Entries taken from a collection
▼▼▼

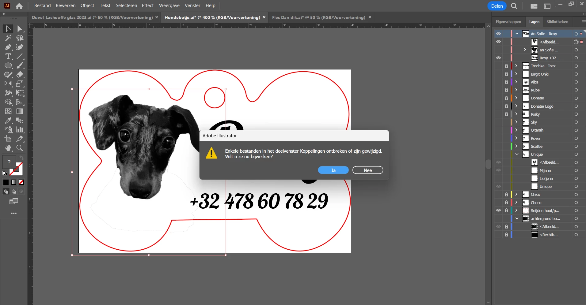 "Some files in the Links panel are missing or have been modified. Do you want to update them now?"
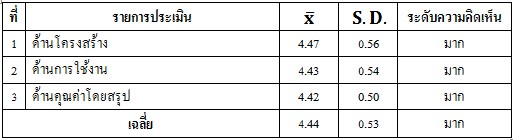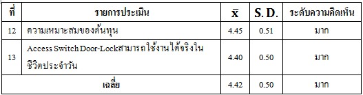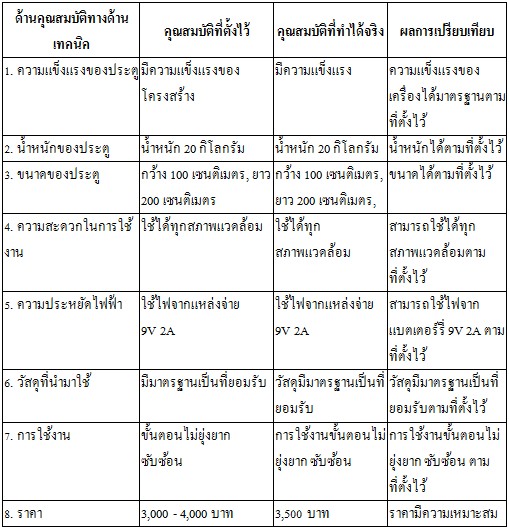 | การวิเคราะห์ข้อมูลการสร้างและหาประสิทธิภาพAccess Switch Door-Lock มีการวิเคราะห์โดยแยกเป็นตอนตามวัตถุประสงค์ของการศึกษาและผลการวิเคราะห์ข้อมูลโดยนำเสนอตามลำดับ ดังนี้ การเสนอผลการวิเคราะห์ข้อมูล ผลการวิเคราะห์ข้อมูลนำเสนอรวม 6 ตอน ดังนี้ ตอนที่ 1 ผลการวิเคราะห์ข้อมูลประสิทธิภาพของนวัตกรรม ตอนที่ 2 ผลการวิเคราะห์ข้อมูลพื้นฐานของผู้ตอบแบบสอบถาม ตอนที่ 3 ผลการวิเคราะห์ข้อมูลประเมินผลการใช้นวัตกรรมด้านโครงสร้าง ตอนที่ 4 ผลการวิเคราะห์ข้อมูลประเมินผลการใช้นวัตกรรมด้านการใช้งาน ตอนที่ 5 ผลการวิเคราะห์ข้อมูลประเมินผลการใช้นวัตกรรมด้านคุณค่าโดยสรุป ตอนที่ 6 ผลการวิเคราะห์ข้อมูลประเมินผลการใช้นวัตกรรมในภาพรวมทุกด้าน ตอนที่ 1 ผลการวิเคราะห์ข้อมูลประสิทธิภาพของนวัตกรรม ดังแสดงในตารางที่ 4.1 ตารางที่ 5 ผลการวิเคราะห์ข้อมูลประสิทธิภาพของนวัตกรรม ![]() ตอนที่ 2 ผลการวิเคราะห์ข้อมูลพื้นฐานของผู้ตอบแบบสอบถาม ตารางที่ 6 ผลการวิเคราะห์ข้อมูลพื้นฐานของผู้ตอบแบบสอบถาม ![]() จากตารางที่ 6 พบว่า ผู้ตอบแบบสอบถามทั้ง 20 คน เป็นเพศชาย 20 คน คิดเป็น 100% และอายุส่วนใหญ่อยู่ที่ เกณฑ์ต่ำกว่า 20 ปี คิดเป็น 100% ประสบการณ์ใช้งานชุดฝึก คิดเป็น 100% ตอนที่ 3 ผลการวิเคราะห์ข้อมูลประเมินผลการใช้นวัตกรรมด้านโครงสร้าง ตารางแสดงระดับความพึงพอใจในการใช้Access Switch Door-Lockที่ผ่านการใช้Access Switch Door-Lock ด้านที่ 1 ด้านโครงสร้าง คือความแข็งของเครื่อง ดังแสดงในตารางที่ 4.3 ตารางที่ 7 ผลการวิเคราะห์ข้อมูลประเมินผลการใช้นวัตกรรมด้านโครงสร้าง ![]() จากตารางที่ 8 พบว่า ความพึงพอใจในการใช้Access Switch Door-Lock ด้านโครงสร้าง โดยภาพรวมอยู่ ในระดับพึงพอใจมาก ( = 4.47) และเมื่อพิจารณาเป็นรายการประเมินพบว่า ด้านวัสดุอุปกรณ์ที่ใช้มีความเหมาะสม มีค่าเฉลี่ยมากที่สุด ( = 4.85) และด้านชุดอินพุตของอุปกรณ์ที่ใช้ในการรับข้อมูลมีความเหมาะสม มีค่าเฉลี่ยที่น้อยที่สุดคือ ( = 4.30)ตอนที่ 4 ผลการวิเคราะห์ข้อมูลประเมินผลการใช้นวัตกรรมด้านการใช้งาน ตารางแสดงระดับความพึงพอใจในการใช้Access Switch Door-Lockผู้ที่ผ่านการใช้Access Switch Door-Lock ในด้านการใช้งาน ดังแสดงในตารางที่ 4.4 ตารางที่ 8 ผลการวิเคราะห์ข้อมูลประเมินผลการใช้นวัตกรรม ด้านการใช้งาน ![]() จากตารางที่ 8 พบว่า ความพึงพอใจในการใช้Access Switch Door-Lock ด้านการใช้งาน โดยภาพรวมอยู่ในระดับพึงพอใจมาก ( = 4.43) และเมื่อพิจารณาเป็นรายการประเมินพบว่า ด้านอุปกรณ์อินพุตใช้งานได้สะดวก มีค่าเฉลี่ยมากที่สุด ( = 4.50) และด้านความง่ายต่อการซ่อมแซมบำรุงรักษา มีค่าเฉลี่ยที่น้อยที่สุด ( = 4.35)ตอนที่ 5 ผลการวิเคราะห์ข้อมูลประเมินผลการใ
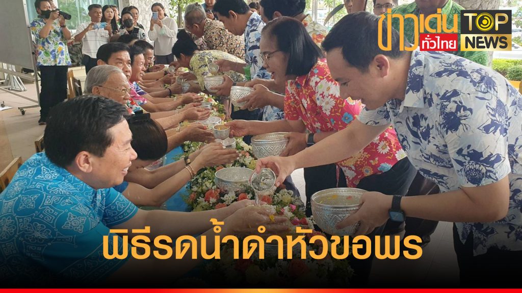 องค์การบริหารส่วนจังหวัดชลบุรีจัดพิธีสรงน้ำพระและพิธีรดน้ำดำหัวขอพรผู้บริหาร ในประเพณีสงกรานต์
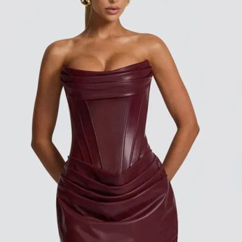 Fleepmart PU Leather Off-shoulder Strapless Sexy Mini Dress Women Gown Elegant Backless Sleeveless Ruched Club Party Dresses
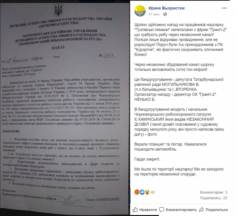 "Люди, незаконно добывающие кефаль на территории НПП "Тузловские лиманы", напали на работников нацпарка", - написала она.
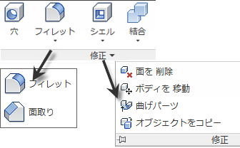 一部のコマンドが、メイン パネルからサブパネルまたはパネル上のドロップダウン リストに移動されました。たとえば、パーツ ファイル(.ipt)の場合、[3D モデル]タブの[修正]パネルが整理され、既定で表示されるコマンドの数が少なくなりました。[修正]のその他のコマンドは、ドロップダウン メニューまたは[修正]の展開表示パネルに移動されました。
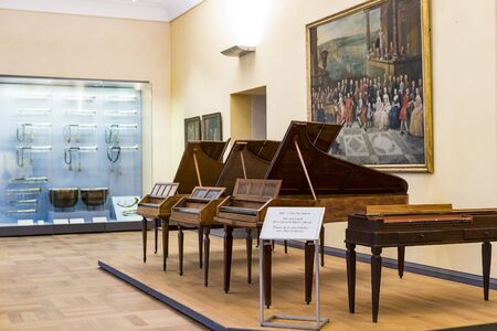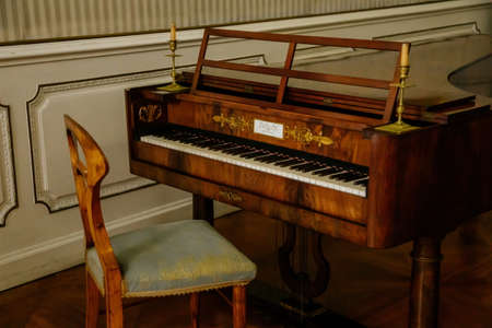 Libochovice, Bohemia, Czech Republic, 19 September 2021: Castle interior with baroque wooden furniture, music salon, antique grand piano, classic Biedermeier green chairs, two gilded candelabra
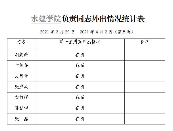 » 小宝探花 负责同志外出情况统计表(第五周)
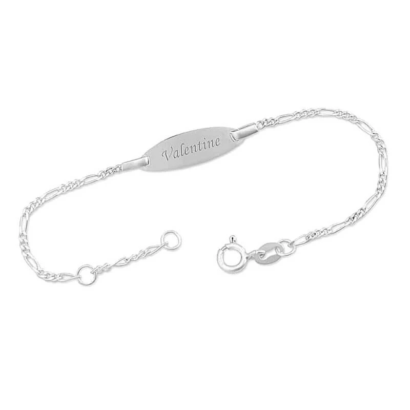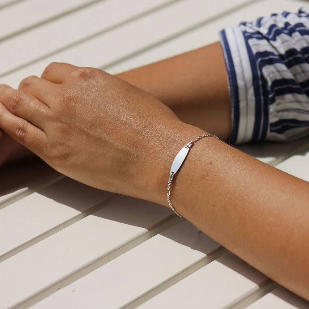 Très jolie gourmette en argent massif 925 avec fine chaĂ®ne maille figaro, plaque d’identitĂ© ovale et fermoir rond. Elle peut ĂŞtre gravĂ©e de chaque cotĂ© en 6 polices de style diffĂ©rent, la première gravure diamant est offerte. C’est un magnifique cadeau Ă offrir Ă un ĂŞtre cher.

▲▲▲

Drop every image, please, and write out the data above exactly as shown.

 "Some files in the Links panel are missing or have been modified. Do you want to update them now?"
 | การวิเคราะห์ข้อมูลการสร้างและหาประสิทธิภาพAccess Switch Door-Lock มีการวิเคราะห์โดยแยกเป็นตอนตามวัตถุประสงค์ของการศึกษาและผลการวิเคราะห์ข้อมูลโดยนำเสนอตามลำดับ ดังนี้ การเสนอผลการวิเคราะห์ข้อมูล ผลการวิเคราะห์ข้อมูลนำเสนอรวม 6 ตอน ดังนี้ ตอนที่ 1 ผลการวิเคราะห์ข้อมูลประสิทธิภาพของนวัตกรรม ตอนที่ 2 ผลการวิเคราะห์ข้อมูลพื้นฐานของผู้ตอบแบบสอบถาม ตอนที่ 3 ผลการวิเคราะห์ข้อมูลประเมินผลการใช้นวัตกรรมด้านโครงสร้าง ตอนที่ 4 ผลการวิเคราะห์ข้อมูลประเมินผลการใช้นวัตกรรมด้านการใช้งาน ตอนที่ 5 ผลการวิเคราะห์ข้อมูลประเมินผลการใช้นวัตกรรมด้านคุณค่าโดยสรุป ตอนที่ 6 ผลการวิเคราะห์ข้อมูลประเมินผลการใช้นวัตกรรมในภาพรวมทุกด้าน ตอนที่ 1 ผลการวิเคราะห์ข้อมูลประสิทธิภาพของนวัตกรรม ดังแสดงในตารางที่ 4.1 ตารางที่ 5 ผลการวิเคราะห์ข้อมูลประสิทธิภาพของนวัตกรรม ![]() ตอนที่ 2 ผลการวิเคราะห์ข้อมูลพื้นฐานของผู้ตอบแบบสอบถาม ตารางที่ 6 ผลการวิเคราะห์ข้อมูลพื้นฐานของผู้ตอบแบบสอบถาม ![]() จากตารางที่ 6 พบว่า ผู้ตอบแบบสอบถามทั้ง 20 คน เป็นเพศชาย 20 คน คิดเป็น 100% และอายุส่วนใหญ่อยู่ที่ เกณฑ์ต่ำกว่า 20 ปี คิดเป็น 100% ประสบการณ์ใช้งานชุดฝึก คิดเป็น 100% ตอนที่ 3 ผลการวิเคราะห์ข้อมูลประเมินผลการใช้นวัตกรรมด้านโครงสร้าง ตารางแสดงระดับความพึงพอใจในการใช้Access Switch Door-Lockที่ผ่านการใช้Access Switch Door-Lock ด้านที่ 1 ด้านโครงสร้าง คือความแข็งของเครื่อง ดังแสดงในตารางที่ 4.3 ตารางที่ 7 ผลการวิเคราะห์ข้อมูลประเมินผลการใช้นวัตกรรมด้านโครงสร้าง ![]() จากตารางที่ 8 พบว่า ความพึงพอใจในการใช้Access Switch Door-Lock ด้านโครงสร้าง โดยภาพรวมอยู่ ในระดับพึงพอใจมาก ( = 4.47) และเมื่อพิจารณาเป็นรายการประเมินพบว่า ด้านวัสดุอุปกรณ์ที่ใช้มีความเหมาะสม มีค่าเฉลี่ยมากที่สุด ( = 4.85) และด้านชุดอินพุตของอุปกรณ์ที่ใช้ในการรับข้อมูลมีความเหมาะสม มีค่าเฉลี่ยที่น้อยที่สุดคือ ( = 4.30)ตอนที่ 4 ผลการวิเคราะห์ข้อมูลประเมินผลการใช้นวัตกรรมด้านการใช้งาน ตารางแสดงระดับความพึงพอใจในการใช้Access Switch Door-Lockผู้ที่ผ่านการใช้Access Switch Door-Lock ในด้านการใช้งาน ดังแสดงในตารางที่ 4.4 ตารางที่ 8 ผลการวิเคราะห์ข้อมูลประเมินผลการใช้นวัตกรรม ด้านการใช้งาน ![]() จากตารางที่ 8 พบว่า ความพึงพอใจในการใช้Access Switch Door-Lock ด้านการใช้งาน โดยภาพรวมอยู่ในระดับพึงพอใจมาก ( = 4.43) และเมื่อพิจารณาเป็นรายการประเมินพบว่า ด้านอุปกรณ์อินพุตใช้งานได้สะดวก มีค่าเฉลี่ยมากที่สุด ( = 4.50) และด้านความง่ายต่อการซ่อมแซมบำรุงรักษา มีค่าเฉลี่ยที่น้อยที่สุด ( = 4.35)ตอนที่ 5 ผลการวิเคราะห์ข้อมูลประเมินผลการใ
 องค์การบริหารส่วนจังหวัดชลบุรีจัดพิธีสรงน้ำพระและพิธีรดน้ำดำหัวขอพรผู้บริหาร ในประเพณีสงกรานต์
 Fleepmart PU Leather Off-shoulder Strapless Sexy Mini Dress Women Gown Elegant Backless Sleeveless Ruched Club Party Dresses
 "Люди, незаконно добывающие кефаль на территории НПП "Тузловские лиманы", напали на работников нацпарка", - написала она.
 一部のコマンドが、メイン パネルからサブパネルまたはパネル上のドロップダウン リストに移動されました。たとえば、パーツ ファイル(.ipt)の場合、[3D モデル]タブの[修正]パネルが整理され、既定で表示されるコマンドの数が少なくなりました。[修正]のその他のコマンドは、ドロップダウン メニューまたは[修正]の展開表示パネルに移動されました。
 Libochovice, Bohemia, Czech Republic, 19 September 2021: Castle interior with baroque wooden furniture, music salon, antique grand piano, classic Biedermeier green chairs, two gilded candelabra
 » 小宝探花 负责同志外出情况统计表(第五周)
 Très jolie gourmette en argent massif 925 avec fine chaĂ®ne maille figaro, plaque d’identitĂ© ovale et fermoir rond. Elle peut ĂŞtre gravĂ©e de chaque cotĂ© en 6 polices de style diffĂ©rent, la première gravure diamant est offerte. C’est un magnifique cadeau Ă offrir Ă un ĂŞtre cher.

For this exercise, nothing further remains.